### Records for this task
□ □ □ □

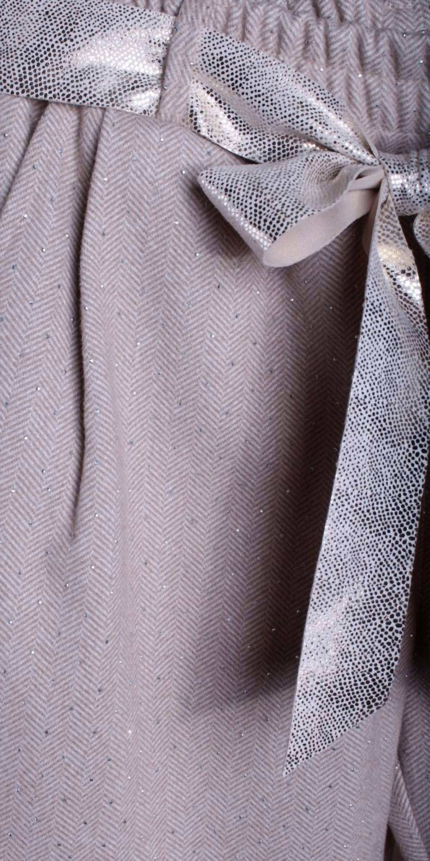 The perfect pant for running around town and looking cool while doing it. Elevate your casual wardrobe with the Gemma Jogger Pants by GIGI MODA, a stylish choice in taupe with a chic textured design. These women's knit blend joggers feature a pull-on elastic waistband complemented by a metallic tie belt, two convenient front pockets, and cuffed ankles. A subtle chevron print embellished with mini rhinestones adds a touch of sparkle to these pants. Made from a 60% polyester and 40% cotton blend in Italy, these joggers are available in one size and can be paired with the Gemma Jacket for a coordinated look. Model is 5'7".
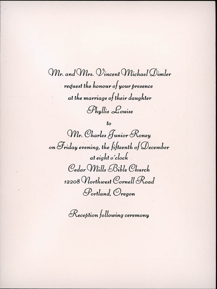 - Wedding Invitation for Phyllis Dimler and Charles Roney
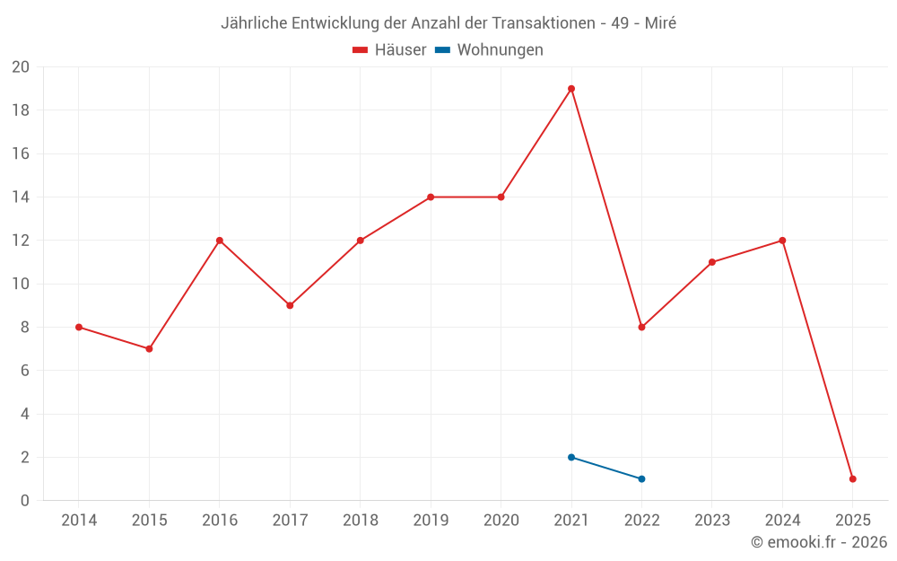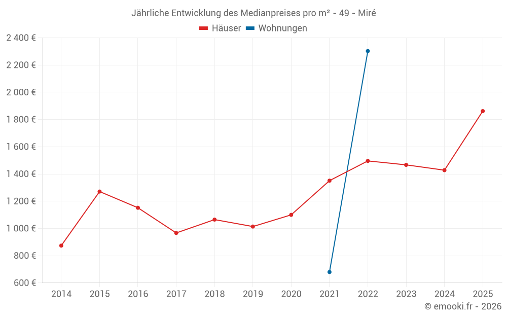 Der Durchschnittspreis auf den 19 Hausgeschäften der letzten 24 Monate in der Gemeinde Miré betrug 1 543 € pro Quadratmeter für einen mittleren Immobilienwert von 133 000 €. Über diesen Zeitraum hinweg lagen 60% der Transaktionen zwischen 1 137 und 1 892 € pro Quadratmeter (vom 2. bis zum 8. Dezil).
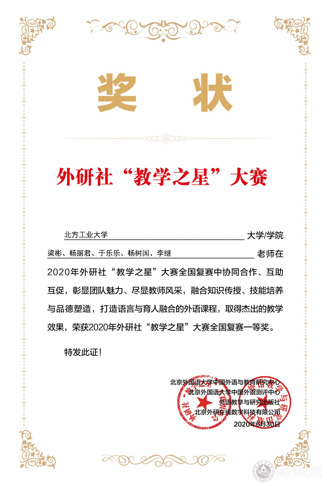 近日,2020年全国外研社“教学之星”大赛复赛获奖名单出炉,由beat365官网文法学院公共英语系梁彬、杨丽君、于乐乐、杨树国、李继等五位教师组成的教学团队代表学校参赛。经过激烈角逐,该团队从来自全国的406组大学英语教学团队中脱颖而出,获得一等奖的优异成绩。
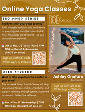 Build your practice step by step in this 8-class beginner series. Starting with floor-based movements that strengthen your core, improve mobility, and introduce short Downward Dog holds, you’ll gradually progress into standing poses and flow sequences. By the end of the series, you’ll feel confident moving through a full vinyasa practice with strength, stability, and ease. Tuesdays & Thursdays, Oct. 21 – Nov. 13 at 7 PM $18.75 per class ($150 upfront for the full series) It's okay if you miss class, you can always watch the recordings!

□ □ □ □

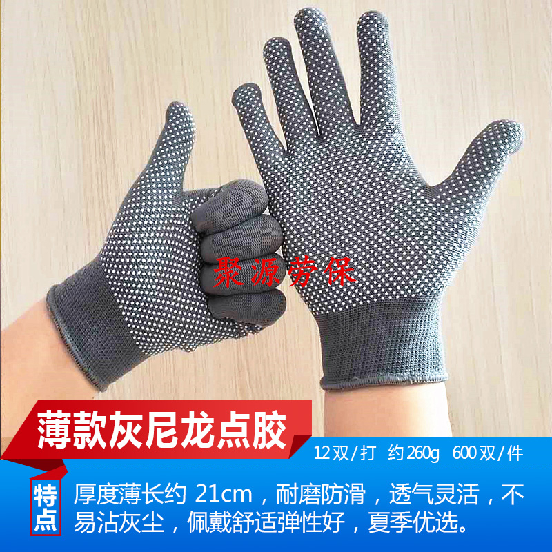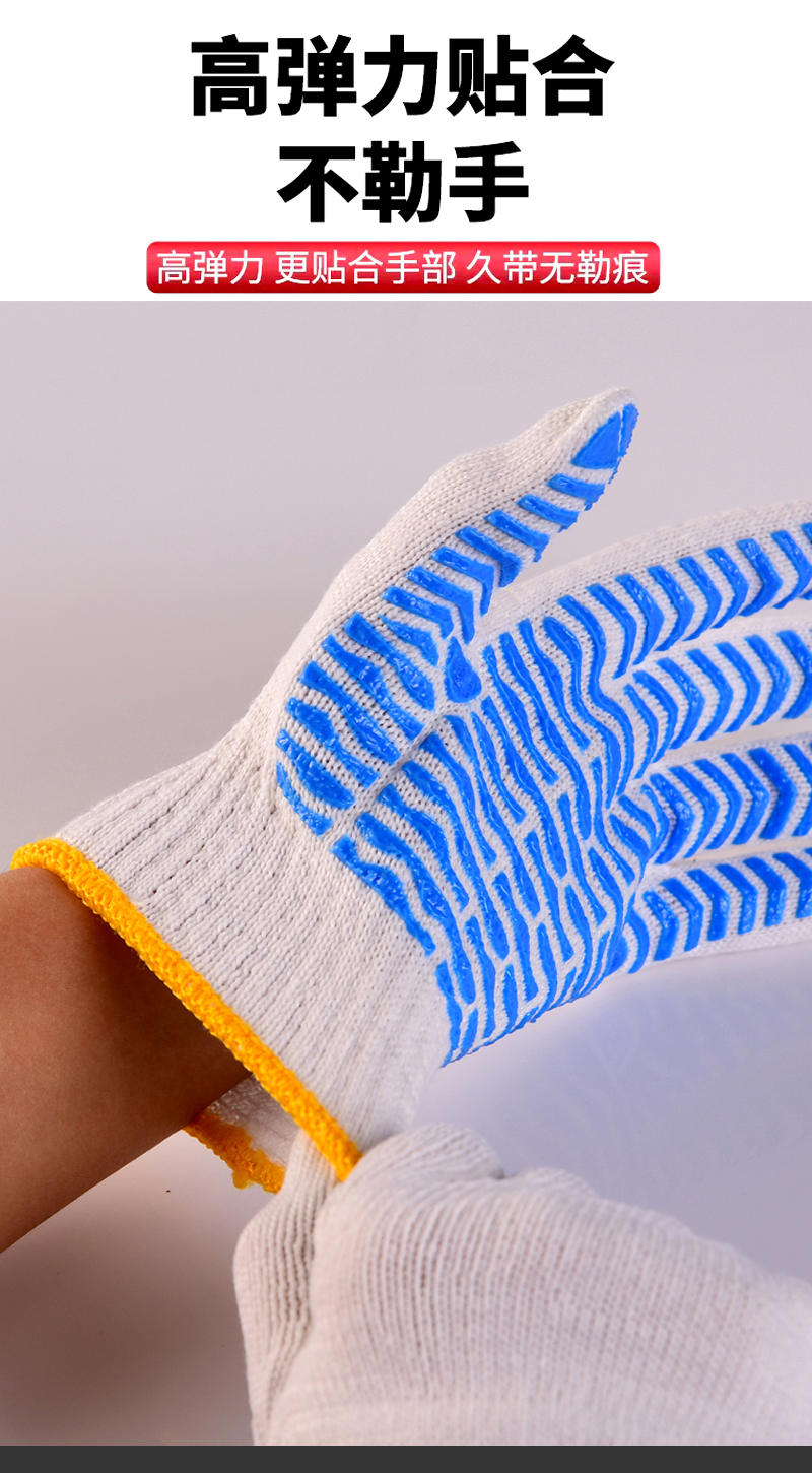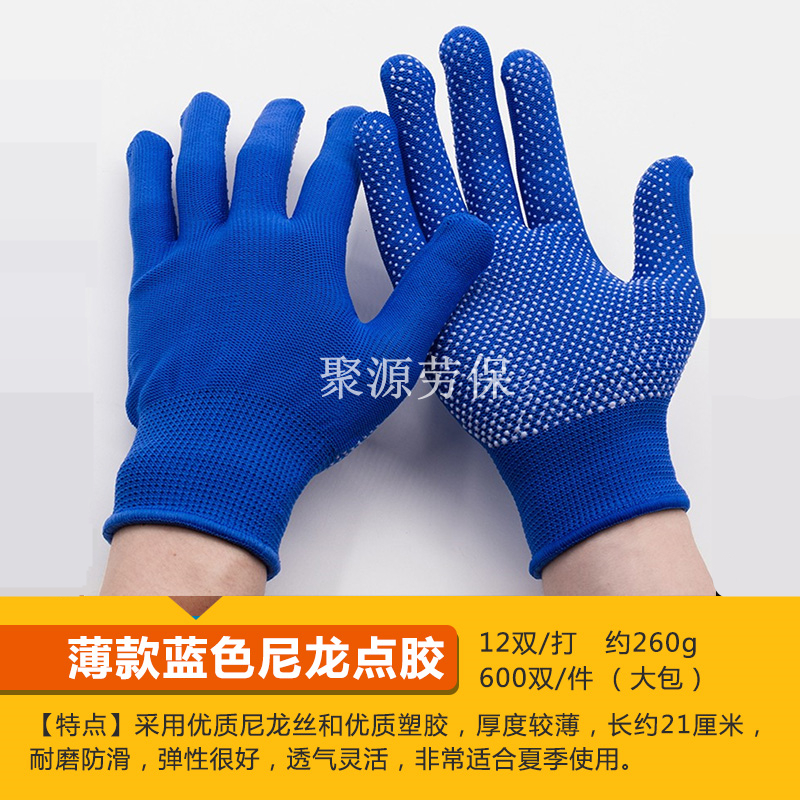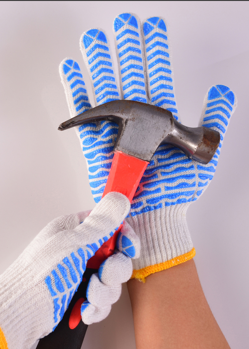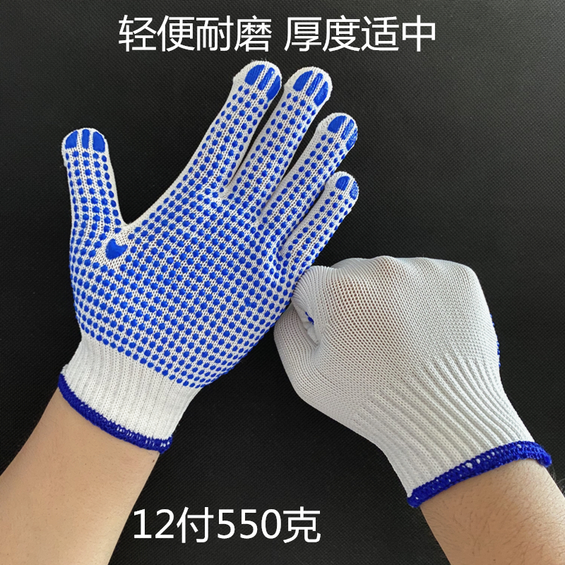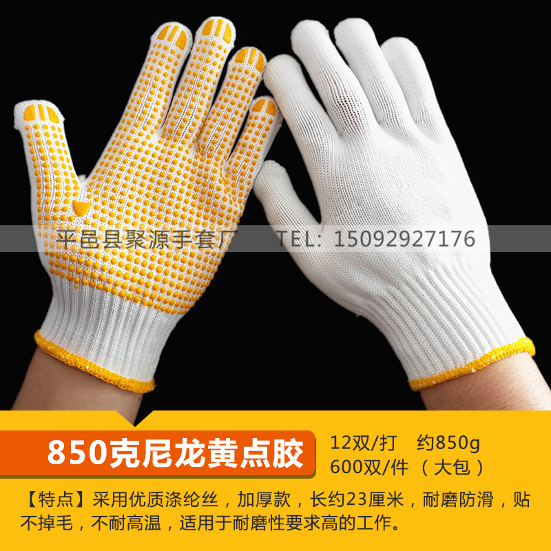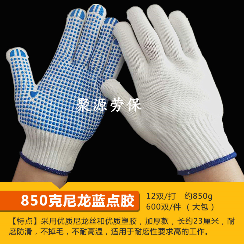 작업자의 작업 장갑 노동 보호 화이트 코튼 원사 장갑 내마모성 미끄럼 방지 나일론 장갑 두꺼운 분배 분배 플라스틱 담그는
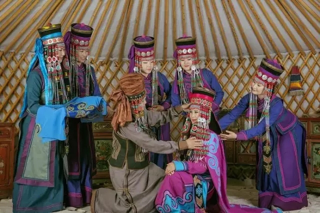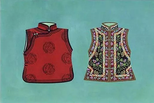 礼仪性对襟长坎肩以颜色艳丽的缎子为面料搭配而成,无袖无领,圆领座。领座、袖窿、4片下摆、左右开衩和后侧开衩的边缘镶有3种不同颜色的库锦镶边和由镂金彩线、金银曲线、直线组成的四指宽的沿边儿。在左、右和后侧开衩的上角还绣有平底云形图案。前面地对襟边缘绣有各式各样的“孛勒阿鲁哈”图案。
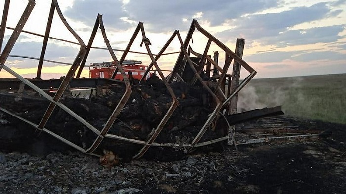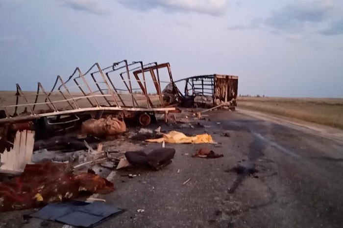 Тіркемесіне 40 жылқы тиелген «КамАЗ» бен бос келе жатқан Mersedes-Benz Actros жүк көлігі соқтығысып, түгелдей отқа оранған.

□ □ □ □

### Exercise
Output exactly the stretch of the listing that begins at the line containing "礼仪性对襟长坎肩以颜色艳丽的" and ends at the line containing "Тіркемесіне 40 жылқы", both kept. Omit pictures and everything else.

### Task answer
 礼仪性对襟长坎肩以颜色艳丽的缎子为面料搭配而成,无袖无领,圆领座。领座、袖窿、4片下摆、左右开衩和后侧开衩的边缘镶有3种不同颜色的库锦镶边和由镂金彩线、金银曲线、直线组成的四指宽的沿边儿。在左、右和后侧开衩的上角还绣有平底云形图案。前面地对襟边缘绣有各式各样的“孛勒阿鲁哈”图案。
 Тіркемесіне 40 жылқы тиелген «КамАЗ» бен бос келе жатқан Mersedes-Benz Actros жүк көлігі соқтығысып, түгелдей отқа оранған.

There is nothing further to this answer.